%%

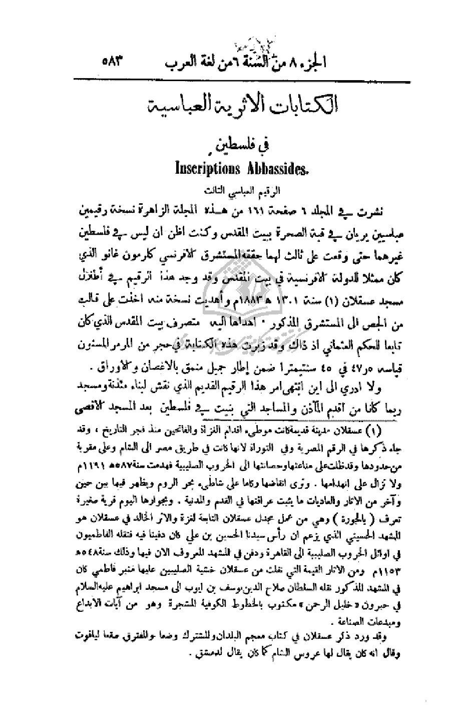 نشرت في المجلد 6 صفحة 161 من هذه المجلة الزاهرة نسخة رقيمين عباسيين يريان في قبة الصخرة ببيت المقدس وكنت أظن أن ليس في فلسطين غيرهما حتى وقعت على ثالث لهما حققه المستشرق الفرنسي كارمون غانو الذي كان ممثلا للدولة الفرنسية في بيت المقدس وقد جد هذا الرقيم في أطلال مسجد عسقلان سنة 1301هـ 1883م وأهديت نسخة منه أخذت على قالب من الجص إلى المستشرق المذكور، أهداها إليه متصرف بيت المقدس الذي كان تابعا للحكم العثماني إذ ذاك وقد زبرت هذه الكتابة في حجر من المرمر المسنون قياسه 47. 5 في 45 سنتمترا ضمن إطار جميل منمق بالأغصان والأوراق.
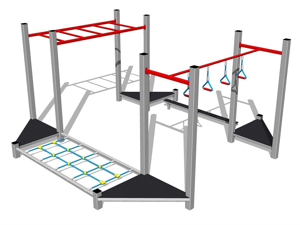 Ručkovadlo, 4x lanové kruhy, kladina, 4x podesta, sieť. Na výber sú dve farebné varianty konštrukcie - hnedá a strieborná. Viac informácií
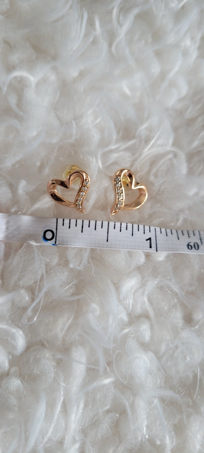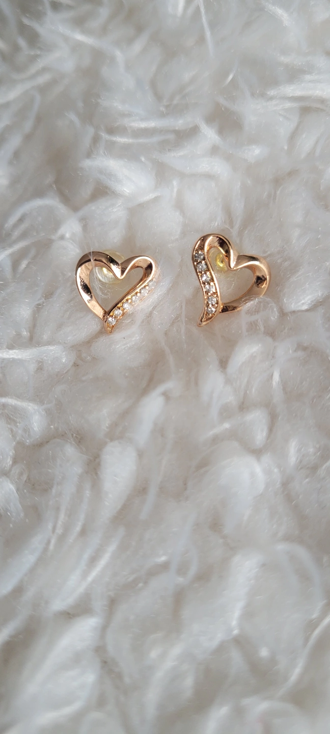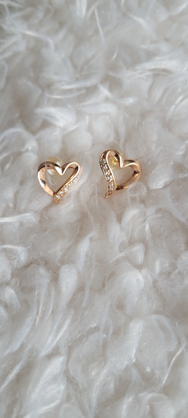 Lovely pair of 18k rose gold-filled (not stamped) heart-shaped stud earrings. Features sparkling cubic zirconia stones. Small and delicate design. Perfect for everyday wear.
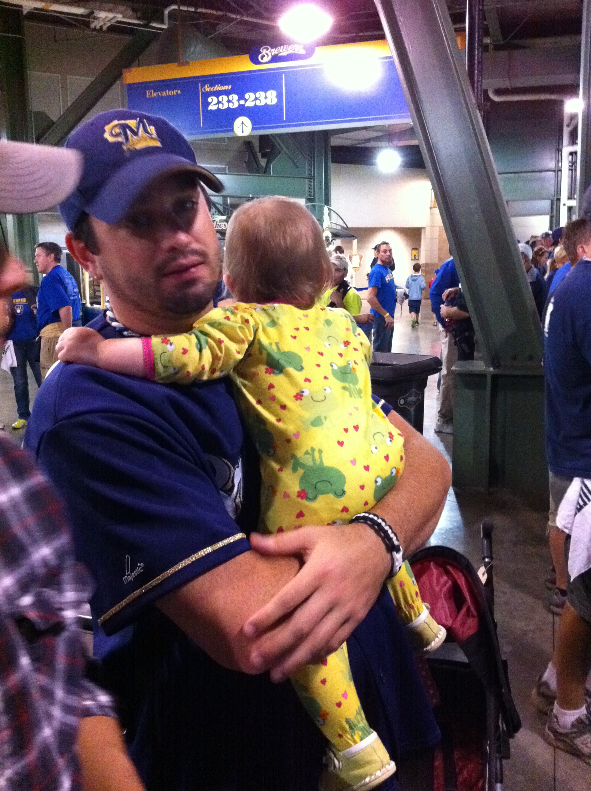 After an inning or 2 the close quarters and vertigo-inducing grade of the rows made us a little antsy, so we decided to give up resting our feet and headed back down a few levels. We had to make a pit-stop on the way to change D into her 2nd pair of jammies, since she peed through her original outfit while sitting on R’s lap up there. Oops. Our good friends A & S were also at the game, so we hung out behind their section for a bit to chat and commiserate over how poorly our team was doing. Ugh. Della loved S’s Brewers beads, though.
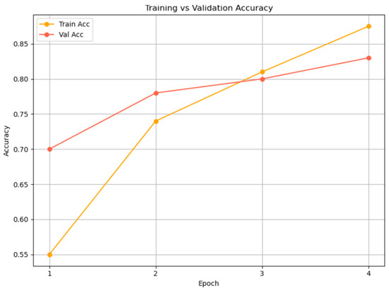 Figure 4 presents the training and validation accuracy progression of the proposed multimodal model—leveraging RoBERTa for textual encoding and WavLM for acoustic representation—over four epochs. The model demonstrates consistent improvement in performance, with training accuracy rising from 55% to 87% and validation accuracy increasing from 70% to 83%. Notably, the validation accuracy initially exceeds the training accuracy, likely due to the benefits of pretrained features enabling early generalization. As training advances, the gap between the two narrows, with both metrics converging at high accuracy levels by the final epoch. The relatively small divergence between training and validation curves indicates that the model is learning meaningful patterns without overfitting, affirming the effectiveness of the RoBERTa-WavLM architecture in capturing and generalizing affective cues across modalities. The training process employed early stopping, which halted optimization at epoch 4 when no further improvement in validation performance was observed. Consequently, Figure 4 presents results up to epoch 4, representing the complete effective training phase.
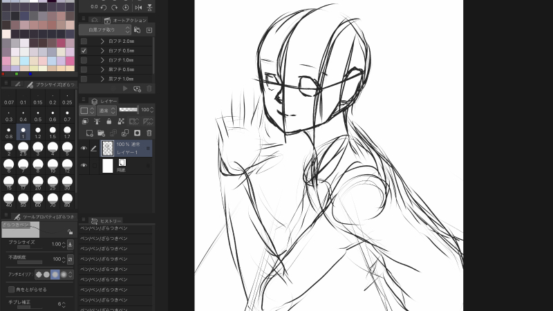 意识到头的形状、肩膀的形状、脸的朝向形成的头发的动作等,从发际开始粗略地描绘。
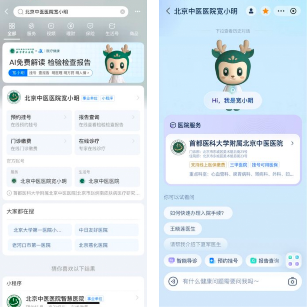 未来,当您有关于健康咨询、就诊需求、医院服务等任何问题,都可以第一时间上支付宝搜索”北京中医医院宽小明”,让可爱的健康数智人“宽小明”给您带来智能、轻松、贴心的就医体验。
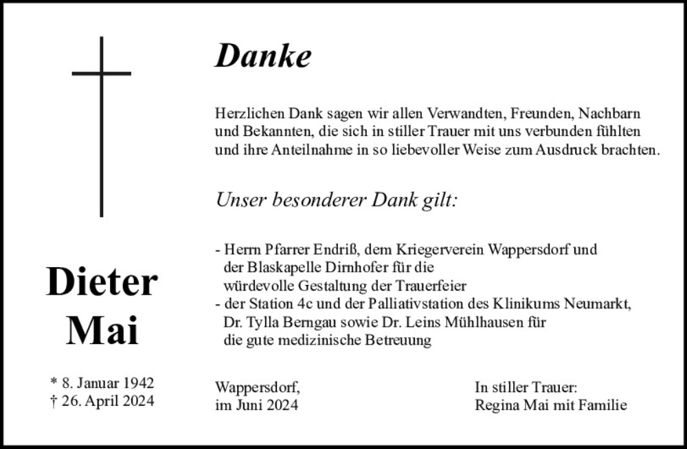 Hier finden Sie alle Traueranzeigen aus der Zeitung, die bisher für Dieter Mai erschienen sind.
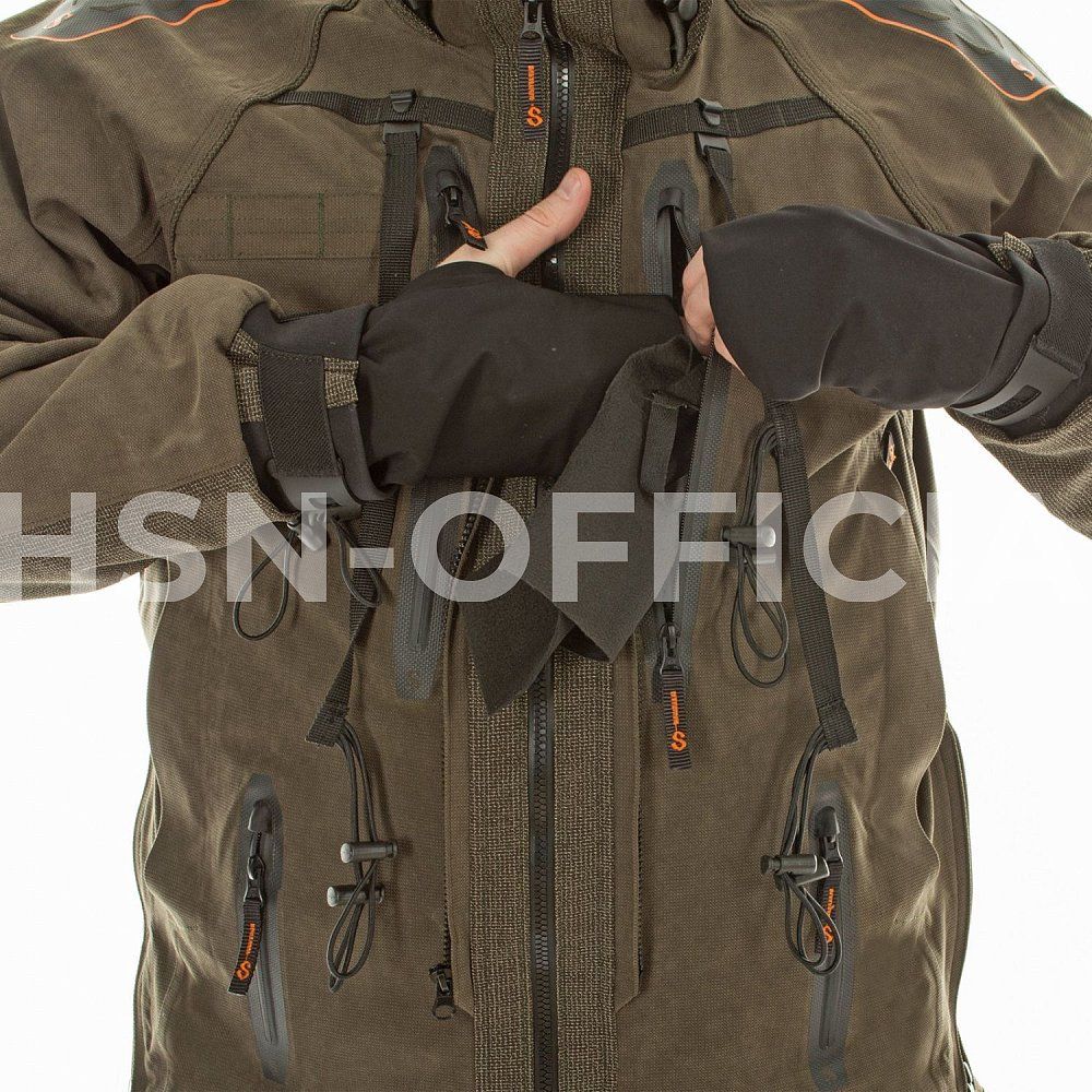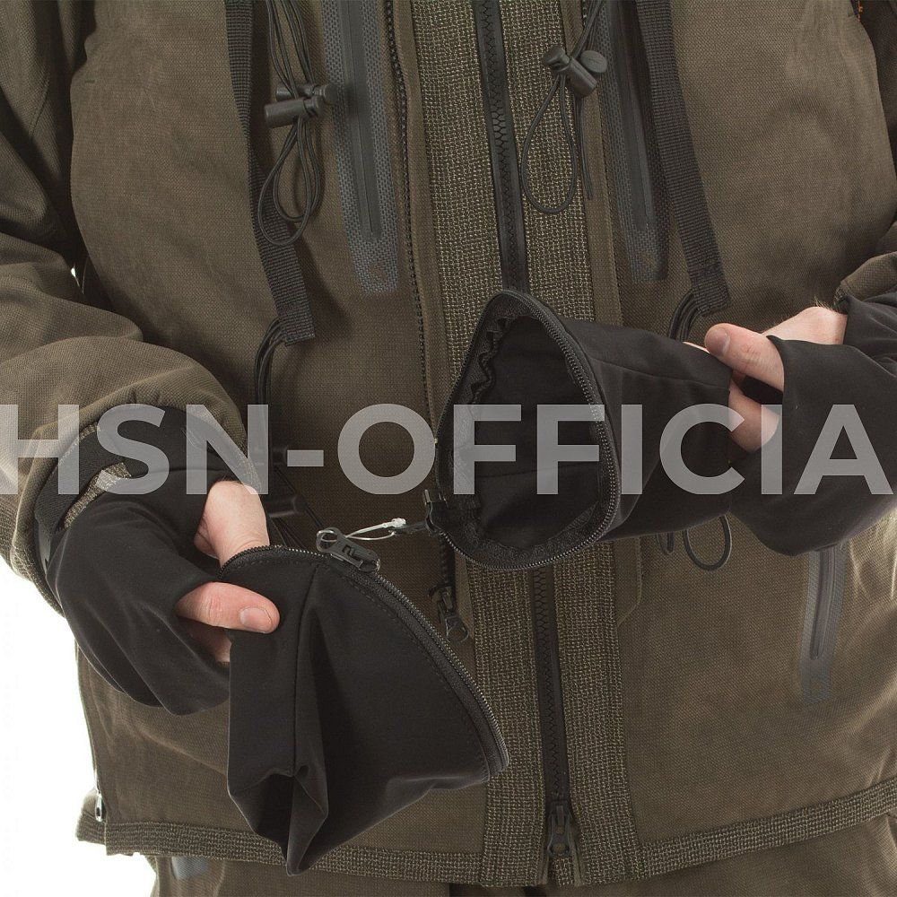 - высокий ветрозащитный воротник усиленный неопреном с регулировкой;
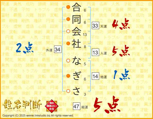 合同会社なぎささんの天運は33画の4点!
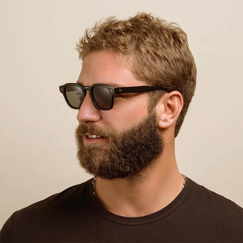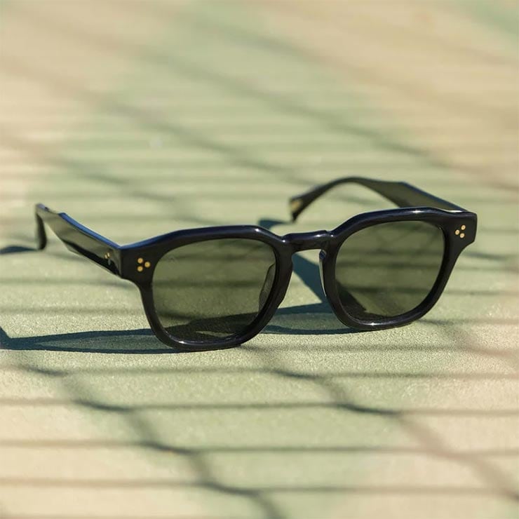 高級感のあるブラックフレームに、視認性に優れたグリーン偏光レンズを組み合わせ、<br>
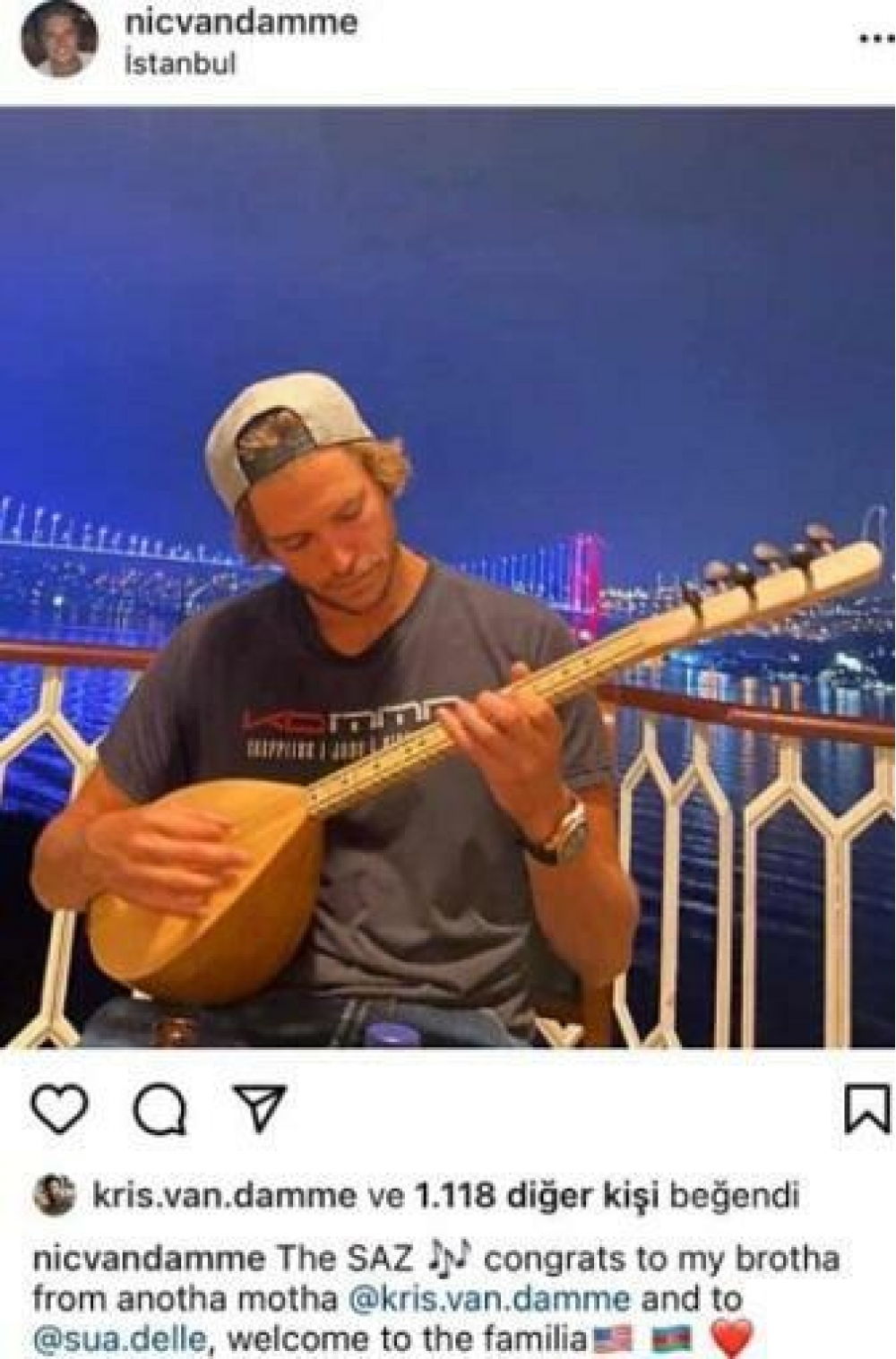 “İki sahil” xəbər verir ki, aktyorun kiçik oğlu Nikolas əlində türk sazı, fonda İstanbul körpüsü və paylaşımındakı Azərbaycan bayrağı ilə gəlinlərinə "ailəmizə xoş gəlmisən" deyə yazıb.

%%

* **WORK ORDER**:
From the data above, return exactly the lines from the one with "意识到头的形状、肩膀的形状、脸的朝向形成的头发的动作等,从发际开始粗略地描绘。" up to and including the one with "高級感のあるブラックフレーム". Pictures do not go in the copy.

* **WORKED SOLUTION**:
 意识到头的形状、肩膀的形状、脸的朝向形成的头发的动作等,从发际开始粗略地描绘。
 未来,当您有关于健康咨询、就诊需求、医院服务等任何问题,都可以第一时间上支付宝搜索”北京中医医院宽小明”,让可爱的健康数智人“宽小明”给您带来智能、轻松、贴心的就医体验。
 Hier finden Sie alle Traueranzeigen aus der Zeitung, die bisher für Dieter Mai erschienen sind.
 - высокий ветрозащитный воротник усиленный неопреном с регулировкой;
 合同会社なぎささんの天運は33画の4点!
 高級感のあるブラックフレームに、視認性に優れたグリーン偏光レンズを組み合わせ、<br>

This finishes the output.